In the entries below, find the line with "Викладати доріжку з" and the line with "Hộp Đựng Tai"; copy them and every line between them exactly, but not the pictures.

_Supplied data_
────────

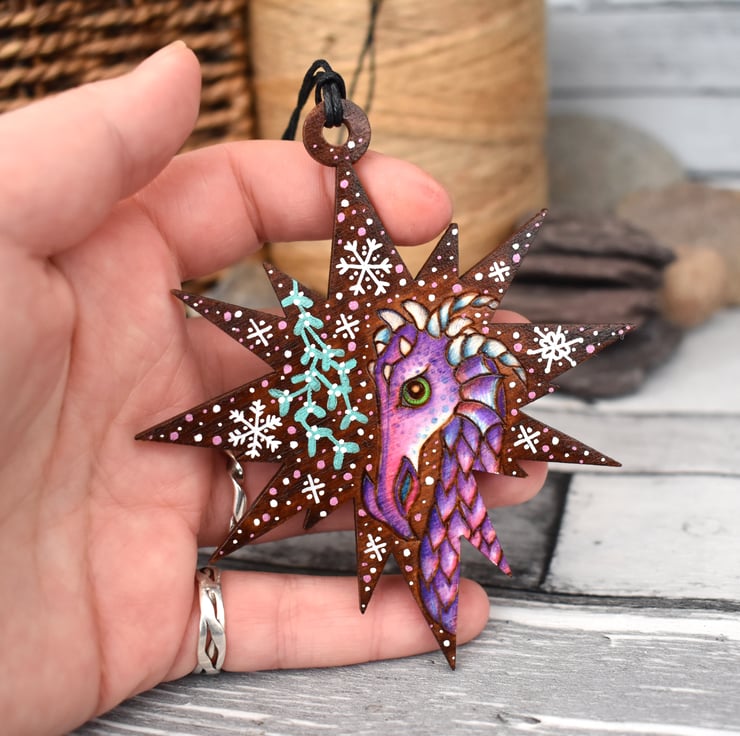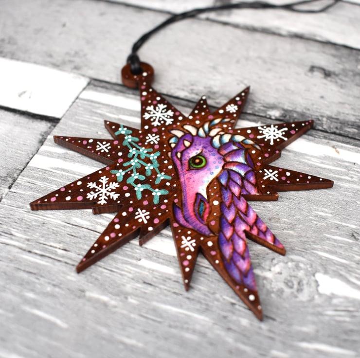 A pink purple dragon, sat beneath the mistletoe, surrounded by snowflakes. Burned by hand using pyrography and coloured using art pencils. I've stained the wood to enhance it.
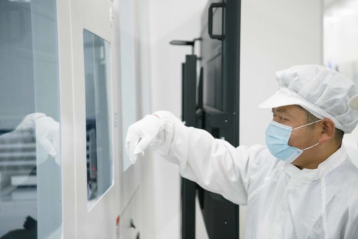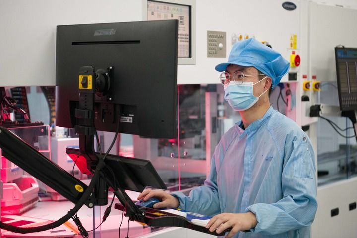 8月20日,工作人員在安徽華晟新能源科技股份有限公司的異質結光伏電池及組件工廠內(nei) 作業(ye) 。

────────

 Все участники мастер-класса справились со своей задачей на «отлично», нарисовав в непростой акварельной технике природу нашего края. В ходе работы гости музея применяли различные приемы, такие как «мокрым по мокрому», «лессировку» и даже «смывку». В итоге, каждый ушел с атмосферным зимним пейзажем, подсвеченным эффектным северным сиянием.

────────

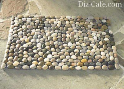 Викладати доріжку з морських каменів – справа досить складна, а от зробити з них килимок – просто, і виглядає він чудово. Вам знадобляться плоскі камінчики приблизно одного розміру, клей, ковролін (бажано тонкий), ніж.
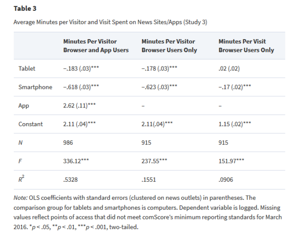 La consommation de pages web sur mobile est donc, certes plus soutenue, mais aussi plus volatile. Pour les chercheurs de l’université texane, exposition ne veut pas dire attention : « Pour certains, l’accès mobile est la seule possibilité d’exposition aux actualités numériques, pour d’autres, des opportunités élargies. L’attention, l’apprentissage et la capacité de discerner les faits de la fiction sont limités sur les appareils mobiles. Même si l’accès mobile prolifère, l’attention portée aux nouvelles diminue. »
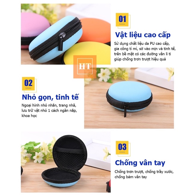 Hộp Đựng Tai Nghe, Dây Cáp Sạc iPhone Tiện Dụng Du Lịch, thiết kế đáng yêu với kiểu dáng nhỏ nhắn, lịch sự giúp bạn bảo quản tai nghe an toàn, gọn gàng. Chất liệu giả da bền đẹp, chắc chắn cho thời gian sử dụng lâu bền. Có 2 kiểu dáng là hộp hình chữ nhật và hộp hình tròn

────────

_Written response_
 Викладати доріжку з морських каменів – справа досить складна, а от зробити з них килимок – просто, і виглядає він чудово. Вам знадобляться плоскі камінчики приблизно одного розміру, клей, ковролін (бажано тонкий), ніж.
 La consommation de pages web sur mobile est donc, certes plus soutenue, mais aussi plus volatile. Pour les chercheurs de l’université texane, exposition ne veut pas dire attention : « Pour certains, l’accès mobile est la seule possibilité d’exposition aux actualités numériques, pour d’autres, des opportunités élargies. L’attention, l’apprentissage et la capacité de discerner les faits de la fiction sont limités sur les appareils mobiles. Même si l’accès mobile prolifère, l’attention portée aux nouvelles diminue. »
 Hộp Đựng Tai Nghe, Dây Cáp Sạc iPhone Tiện Dụng Du Lịch, thiết kế đáng yêu với kiểu dáng nhỏ nhắn, lịch sự giúp bạn bảo quản tai nghe an toàn, gọn gàng. Chất liệu giả da bền đẹp, chắc chắn cho thời gian sử dụng lâu bền. Có 2 kiểu dáng là hộp hình chữ nhật và hộp hình tròn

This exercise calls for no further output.